'''
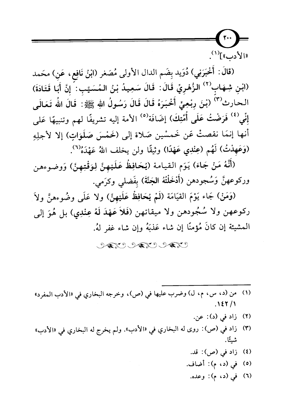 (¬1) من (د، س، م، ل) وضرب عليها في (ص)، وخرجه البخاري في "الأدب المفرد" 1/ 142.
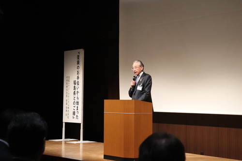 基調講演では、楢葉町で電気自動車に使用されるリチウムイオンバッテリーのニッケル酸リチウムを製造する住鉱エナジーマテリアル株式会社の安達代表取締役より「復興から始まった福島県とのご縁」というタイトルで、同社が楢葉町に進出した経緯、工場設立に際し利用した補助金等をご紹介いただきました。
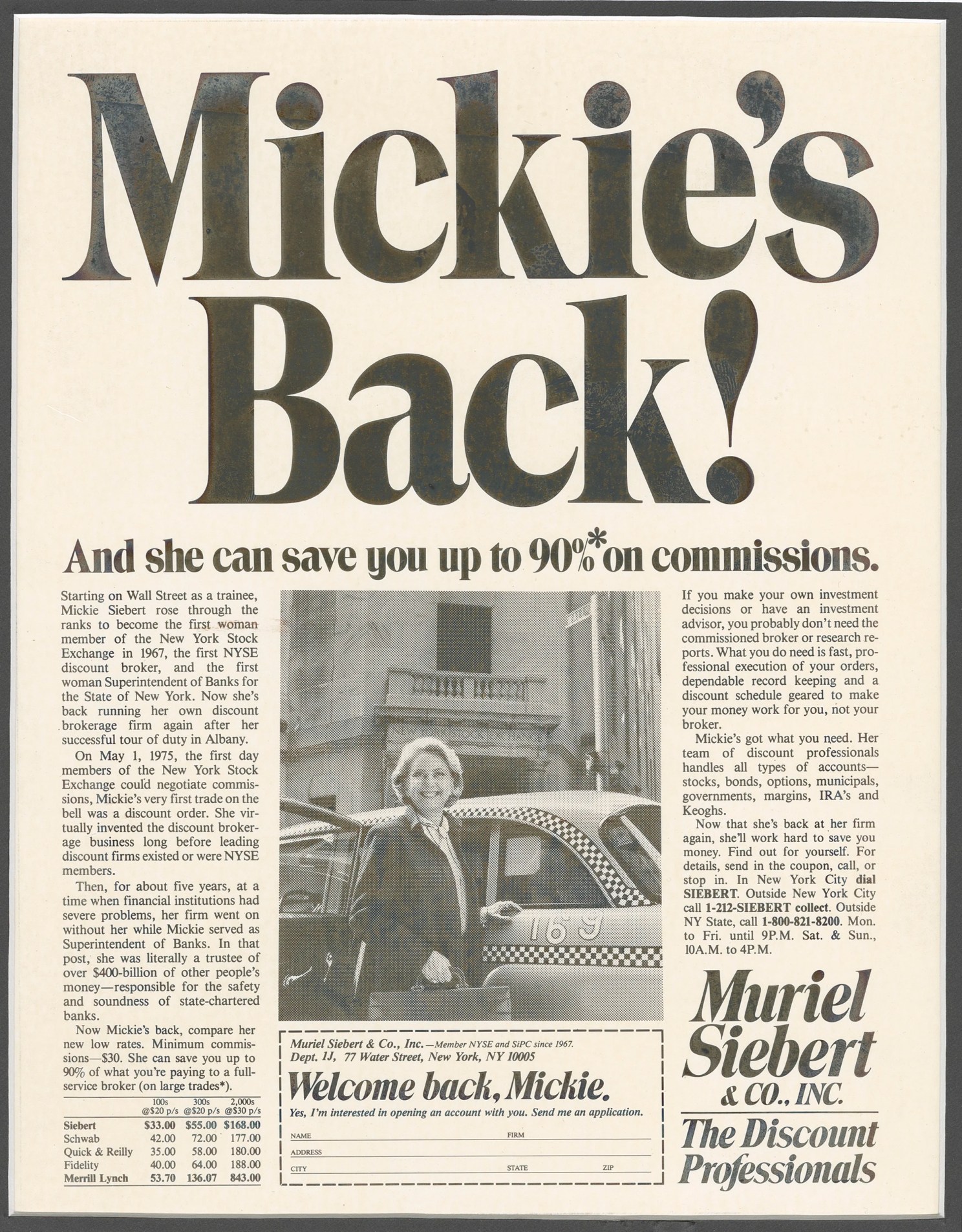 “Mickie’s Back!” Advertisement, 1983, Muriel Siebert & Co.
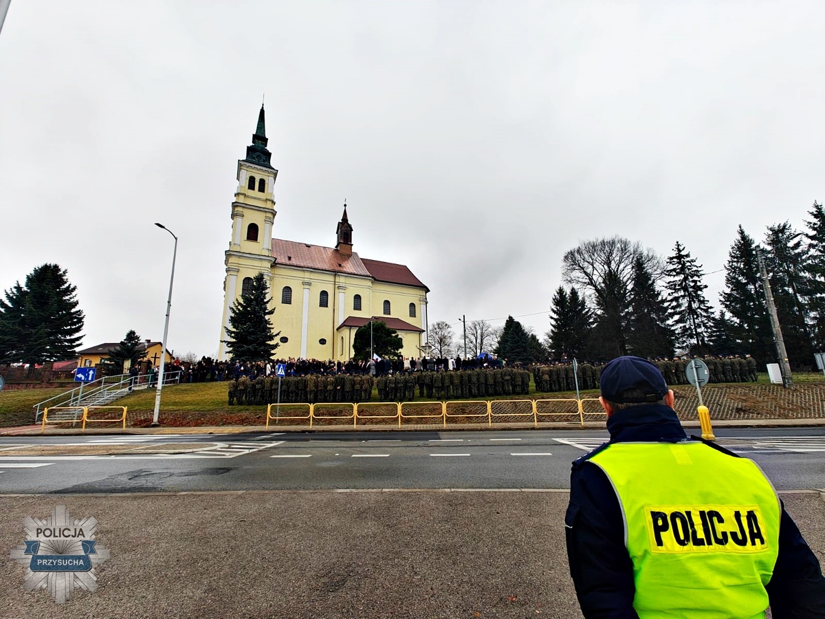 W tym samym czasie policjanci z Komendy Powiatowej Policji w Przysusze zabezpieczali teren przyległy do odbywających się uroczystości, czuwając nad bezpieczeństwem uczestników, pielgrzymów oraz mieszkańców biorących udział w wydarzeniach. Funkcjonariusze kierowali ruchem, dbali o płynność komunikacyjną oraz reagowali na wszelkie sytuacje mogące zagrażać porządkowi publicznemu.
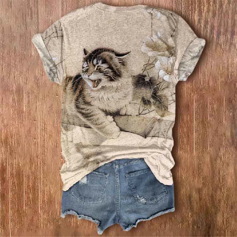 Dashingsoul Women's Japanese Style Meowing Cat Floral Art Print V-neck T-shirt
'''
◆ Directions:
Retype the listing exactly. Leave out its pictures.

◆ Output for this exercise:
 (¬1) من (د، س، م، ل) وضرب عليها في (ص)، وخرجه البخاري في "الأدب المفرد" 1/ 142.
 基調講演では、楢葉町で電気自動車に使用されるリチウムイオンバッテリーのニッケル酸リチウムを製造する住鉱エナジーマテリアル株式会社の安達代表取締役より「復興から始まった福島県とのご縁」というタイトルで、同社が楢葉町に進出した経緯、工場設立に際し利用した補助金等をご紹介いただきました。
 “Mickie’s Back!” Advertisement, 1983, Muriel Siebert & Co.
 W tym samym czasie policjanci z Komendy Powiatowej Policji w Przysusze zabezpieczali teren przyległy do odbywających się uroczystości, czuwając nad bezpieczeństwem uczestników, pielgrzymów oraz mieszkańców biorących udział w wydarzeniach. Funkcjonariusze kierowali ruchem, dbali o płynność komunikacyjną oraz reagowali na wszelkie sytuacje mogące zagrażać porządkowi publicznemu.
 Dashingsoul Women's Japanese Style Meowing Cat Floral Art Print V-neck T-shirt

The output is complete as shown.